Check if it is always decreasing.

In [None]:
### your answer here

def LR_gradient(X, y, fit_intercept=True, algorithm="projction", learning_rate = 0.01, n_iter = 10):
    
    N = X.shape[0]
    d = X.shape[1]
    
    if fit_intercept:
        A = np.hstack([np.ones((N,1)),X])
        dp = d+1
    else:
        A = X.copy()
        dp = d
        
    if algorithm == "projection":
        v = np.linalg.inv(A.T.dot(A)).dot(A.T).dot(y)
    elif algorithm == "grad_descent":
        v = np.random.rand(dp,)
        for i in range(n_iter):
            grad = (2/N)*((A.dot(v)-y).T).dot(A)
            v = v - learning_rate*grad
            print(np.linalg.norm(A.dot(v)-y)**2/X.shape[0])
            
LR_gradient(X, y, algorithm = "grad_descent")

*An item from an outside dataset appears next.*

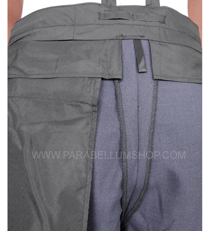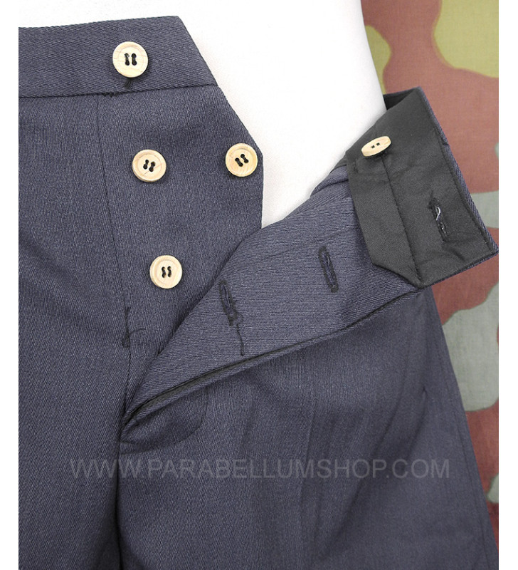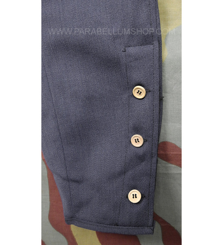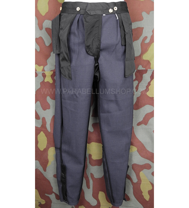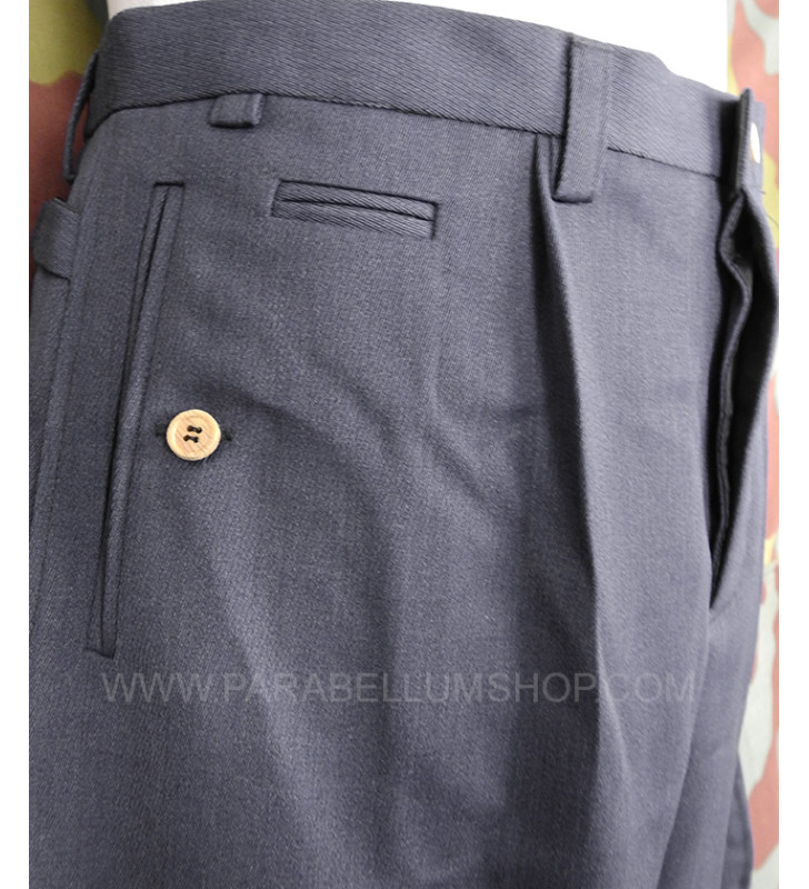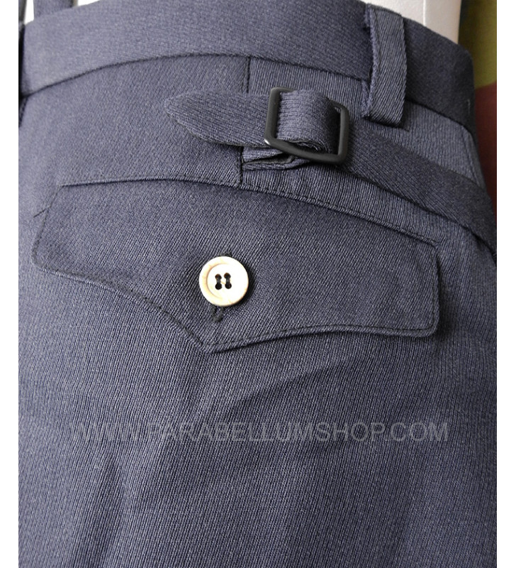 Blaugrau gabardine cloth trousers reproducing the jodhpurs model that the army officers used to make tailoring, characterizing it with all the peculiarities that characterized the officers' service uniforms. Two pockets are on front and one back with flap, one strap on each side for regulation of waist.

# Yes, it is always decreasing.

##### Exercise 3
This exercise checks if the gradient formula is correct (or at least reasonable).  
Let  
```python
N,dp = 100,3
np.random.seed(20025)
A = np.random.randn(N,dp)
v = np.random.randn(dp)
y = np.random.randn(N)
```
Define $c(A, {\bf v}, {\bf y}) = \frac{1}{N}\|A{\bf v} - {\bf y}\|^2$.

###### 3(a)
Write a function `cost(A, v, y)` that calculate $c(A, {\bf v}, {\bf y})$.

In [None]:
### your answer here

N,dp = 100,3
np.random.seed(20025)
A = np.random.randn(N,dp)
v = np.random.randn(dp)
y = np.random.randn(N)

def cost(A, v, y):
    return (1/N)*(np.linalg.norm(A.dot(v)-y))**2

###### 3(b)
Calculate the gradient  
$$\frac{2}{N}(A{\bf v} - y)^\top A.$$

In [None]:
### your answer here

2/N*(A.dot(v)-y).T.dot(A)

###### 3(c)
Let  
```python
h = 0.001
i = 0
e = np.zeros((dp,))
e[i] = 1
g = (cost(A, v+h*e, y) - cost(A, v, y)) / h
```
Run the code for `i = 0,1,2` and compare `g` with the gradient in 3(b).  
If necessary, change `h` to smaller numbers.

In [None]:
### your answer here

h = 0.00000001
i = 0

for i in range(3):
    e = np.zeros((dp,))
    e[i] = 1
    g = (cost(A, v+h*e, y) - cost(A, v, y)) / h
    print(g)
    
# g is similar to the gradient in 3(b).